The displacement gradient tensor transformation rule

Question

The transformation rule of a 2nd rank tensor expresssed in a given basis is often written as follow:

$$F' = P^T FP $$

where $F$ is the matrix representation of the tensor in the old basis B, $F'$ its representation in the new basis B', $P$ is the transformation matrix and finally $P^T$ its transpose.

I'm currently trying to proove this using the displacement gradient tensor as an example. Its elements in a given basis can be defined from the derivatives of the displacement field $\overrightarrow u$ with respect to the coordinates $(x_i, i = 1,2,3)$:

$$ u_{ij} = \frac{\partial{u_i}}{\partial{x_j}} $$

I've tried to express the tensor components in a new basis $u_{ij}^{'} = \frac{\partial{u_{i}^{'}}}{\partial{x_{j}^{'}}}$ as a function of the $u_{ij}$ using the conventionnal chain rule and vector decomposition and I end up with $F' = P^{-1}FP$ which is correct only if the old and new basis are related by a rotation. In the most general case it's not true because $P^{T}\neq P^{-1}$ and I can't figure out where is my mistake. Is my reasoning wrong or did I make a calculus error ?

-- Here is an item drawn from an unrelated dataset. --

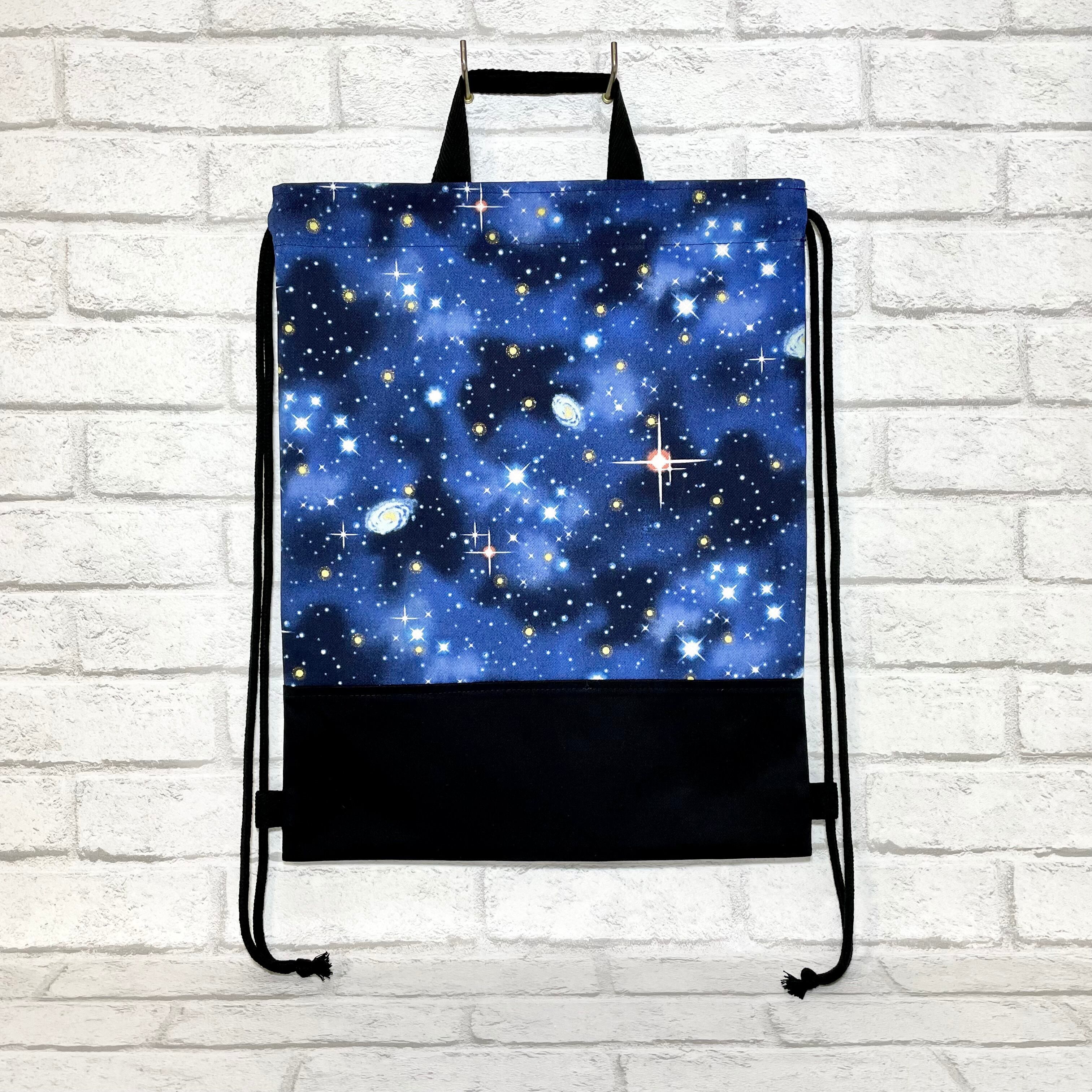 天体(ネイビー)×黒 ナップサック(裏地なし)38×30cm

Any help in solving that issue would be greatly appreciated, thanks a lot.

Answer 1

The $P^TFP$ rule is for tensors that have both indices downstairs such as the strain tensor $e_{ij}$. Remembering that a displacement is a contravariant vector, the displacement gradient tensor $$ {e^i}_j = \frac{\partial u^{i}}{\partial x^j} $$ has one index upstairs and one downstairs. It therefore transforms as $P^{-1} FP$ which is what you found. The two transformation rules coincide if your restrict to orthogonal transformations for which $P^T=P^{-1}$. That's why intro elasticity usually resricts to cartesian coordinates. In curvilinear coordinates, the strain tensor is much more complicated than the symmetrised displacement gradient.

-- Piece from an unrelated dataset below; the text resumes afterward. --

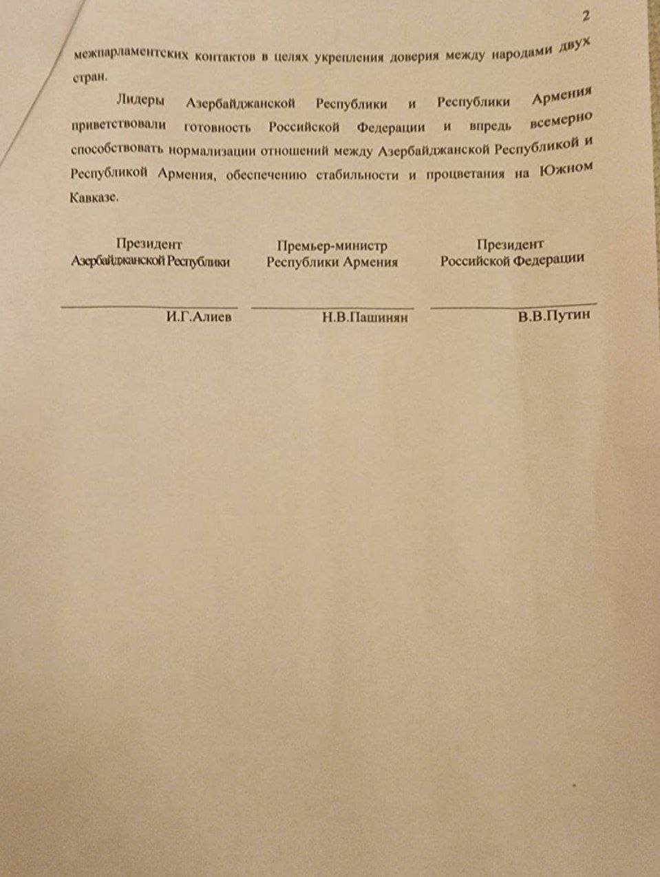 Azərbaycan Respublikasının və Ermənistan Respublikasının liderləri Rusiya Federasiyasının bundan sonra da Azərbaycan Respublikası ilə Ermənistan Respublikası arasında münasibətlərin normallaşmasına, Cənubi Qafqazda sabitliyin və tərəqqinin təmin edilməsinə hərtərəfli şərait yaratmağa hazır olmasını alqışladılar.

If you want an genuine tensor under more than orthogonal transformations you need a Lie derivative. If the metric is $$ ds^2 = g_{\mu\nu}(x) dx^\mu dx^\nu $$ then the strain tensor due to an infinitesimal displacement $x^\mu \to x^\mu+\eta^\mu$ is given by one-half of the Lie derivative of the metric with respect to the displacement: $$ e_{\mu\nu}= \frac 12 ({\mathcal L}_\eta g)_{\mu\nu} \stackrel{\rm def}{=} \frac 12 (\eta^\lambda \partial_\lambda g_{\mu\nu} + g_{\mu\lambda}\partial_\nu \eta^\lambda+ g_{\lambda\nu} \partial_\mu \eta^\lambda). $$
This reduces to the orthogonal cartesian expression $$ e_{\mu\nu}= \frac 12 \left(\partial_\mu \eta_\nu + \partial_\nu \eta_\mu\right) $$ when $g_{\mu\nu}(x)= \delta_{\mu\nu}$ so there is no need to make a distinction between $\eta^\mu$ and $\eta_\mu = g_{\mu\lambda} \eta^\lambda$. When $g_{\mu\nu}$ is constant but not orthonormal, the first term in the Lie derivative vanishishes, but your still need the metric to lower the indices on the $\eta^\mu $to get your $P^T FP$.

For a discussion of the Lie derivative and its connection with the strain tensor see pages 433 and 435 in our book.